A0854
Title: Efficient and accurate genome-wide survival association analysis controlling for sample relatedness in biobanks
Authors: Rounak Dey - Harvard University (United States) [presenting]
Abstract: With decades of electronic health records linked to genetic data, large biobanks provide unprecedented opportunities for systematically understanding the genetics of complex diseases. Genome-wide survival association analysis can identify genetic variants associated with ages of onset, disease progression, and lifespan. Apart from the obvious computational challenge that such analyses entail, statistical methods also need to adjust for unknown genetic ancestry structures and familial relatedness among the biobank participants.
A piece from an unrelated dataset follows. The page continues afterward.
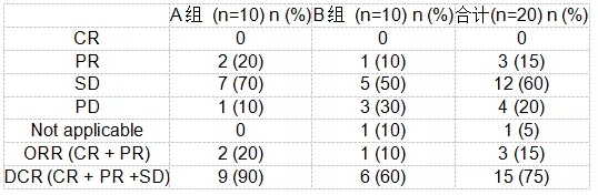 结果显示,迄今入组20例患者(每组10例),中位年龄47岁。既往接受系统治疗的中位次数是3。最常见的3级以上药物相关不良反应是高血压(A组3/10,B组0/10)、蛋白尿(A组2/10,B组0/10)。通过适当的支持治疗,减少药物剂量和/或暂时停药,3级以上药物相关不良反应都可控。A组的ORR为20%,B组为10%。A组的DCR为90%,而B组为60%。截至本文发表之日,仍有2例患者接受AL3810治疗,其中1例在A组,部分缓解持续>32个月。具体疗效结果如下所示。

Further, due to the cohort-based recruitment strategy typically followed in biobanks, most phenotypes have severe heavy-censoring which can lead to extreme type I error inflation in standard asymptotic tests of no genetic effects. We developed an efficient and accurate frailty model approach for genome-wide survival association analysis of censored time-to-event (TTE) phenotypes by accounting for both population structure and relatedness. Our method utilizes state-of-the-art optimization strategies to reduce the computational cost, and the saddlepoint approximation to allow for the analysis of heavily censored phenotypes (>90\%) and low-frequency genetic variants (down to minor allele count 20). We demonstrated the performance of our method through extensive simulation studies and analysis of five TTE phenotypes, including lifespan, with heavy censoring rates (90.9\% to 99.8\%) on ~400,000 UK Biobank participants and ~180,000 individuals in FinnGen.